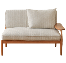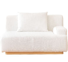 1.5 seater sofa横幅は215cmで、2人から3人でゆったり座るのにちょうどよいサイズです。「大きすぎるソファーは置けないけれど、寝転がれるくらいのゆとりはほしい!」という方に、おすすめです。お部屋のレイアウトに合わせて、1.5人掛けのアームは左右どちらかを選んでいただけます。
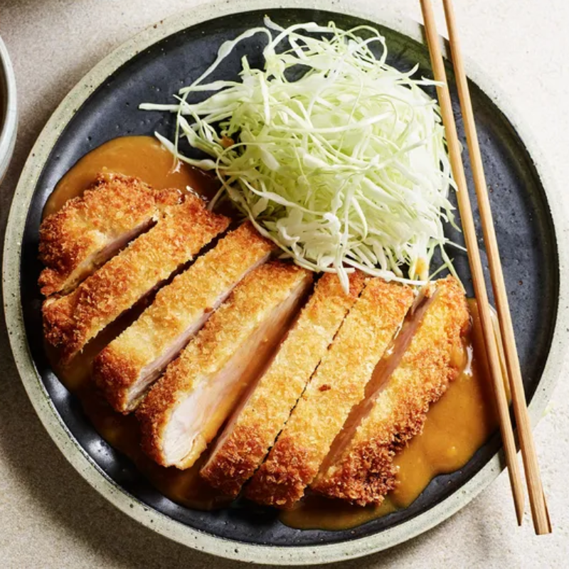 - Serve with tonkatsu sauce and cabbage.
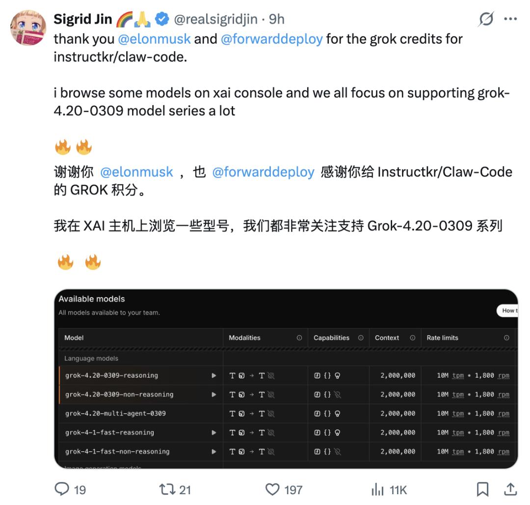 Jin posted a message to thank Elon Musk, saying that xAI gave him a lot of Grok credits, which greatly helped with the rewrite of Claw Code.
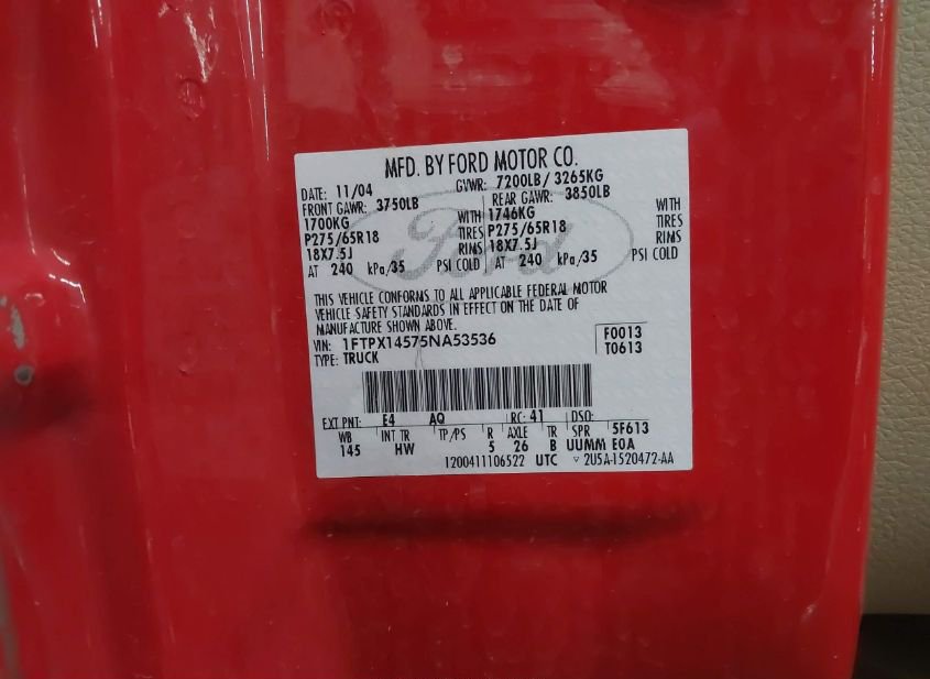 - Название лота: 2005 FORD F-150 FX4/LARIAT/XL/XLT
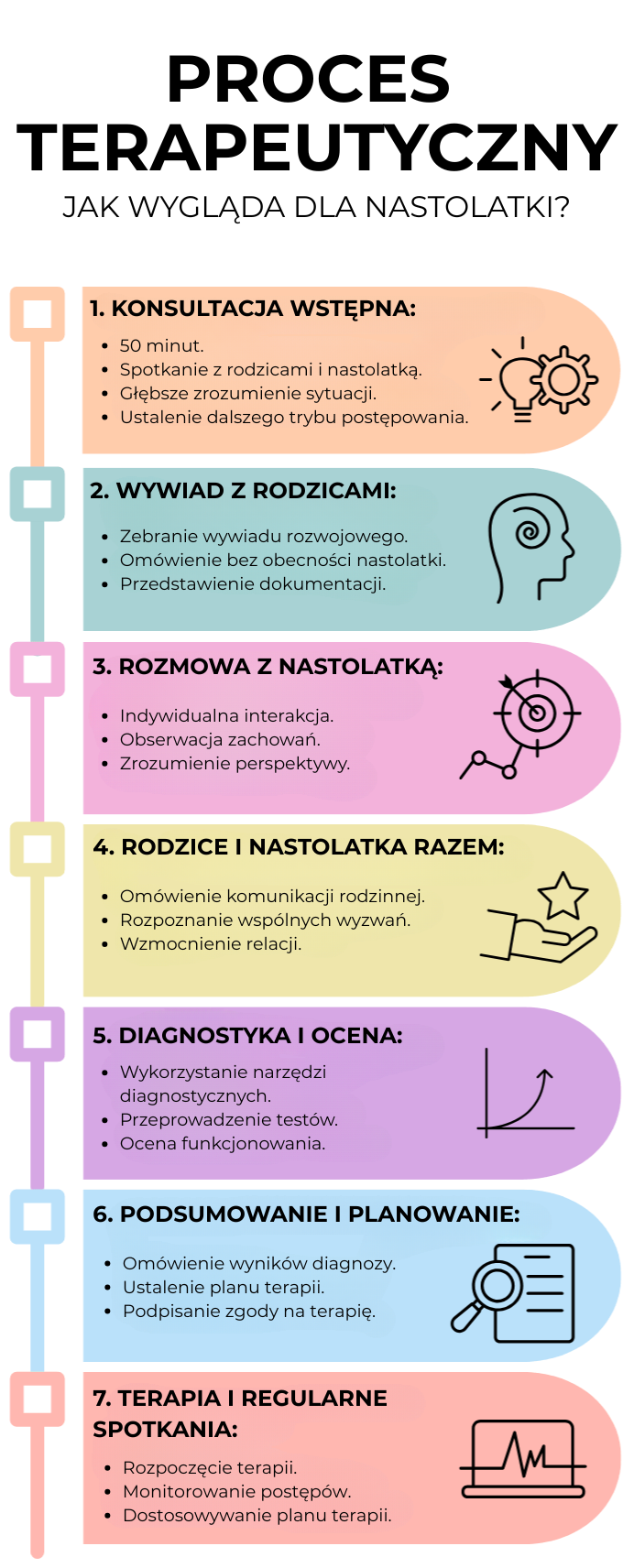 Nastolatko, Rodzicu pamiętajcie, że konsultacja nie jest wiążąca. Jeśli w trakcie rozmowy stwierdzisz, że nie czujesz się dobrze lub po prostu nie nadajesz ze swoim terapeutą na tych samych falach, możesz zrezygnować lub umówić się do innego specjalisty.

◆ Brief
Repeat the lines exactly, starting with the line that contains "- Serve with tonkatsu sauce and cabbage." and ending with the last line of the entries. Keep both of those lines but no pictures.

◆ Answer below
 - Serve with tonkatsu sauce and cabbage.
 Jin posted a message to thank Elon Musk, saying that xAI gave him a lot of Grok credits, which greatly helped with the rewrite of Claw Code.
 - Название лота: 2005 FORD F-150 FX4/LARIAT/XL/XLT
 Nastolatko, Rodzicu pamiętajcie, że konsultacja nie jest wiążąca. Jeśli w trakcie rozmowy stwierdzisz, że nie czujesz się dobrze lub po prostu nie nadajesz ze swoim terapeutą na tych samych falach, możesz zrezygnować lub umówić się do innego specjalisty.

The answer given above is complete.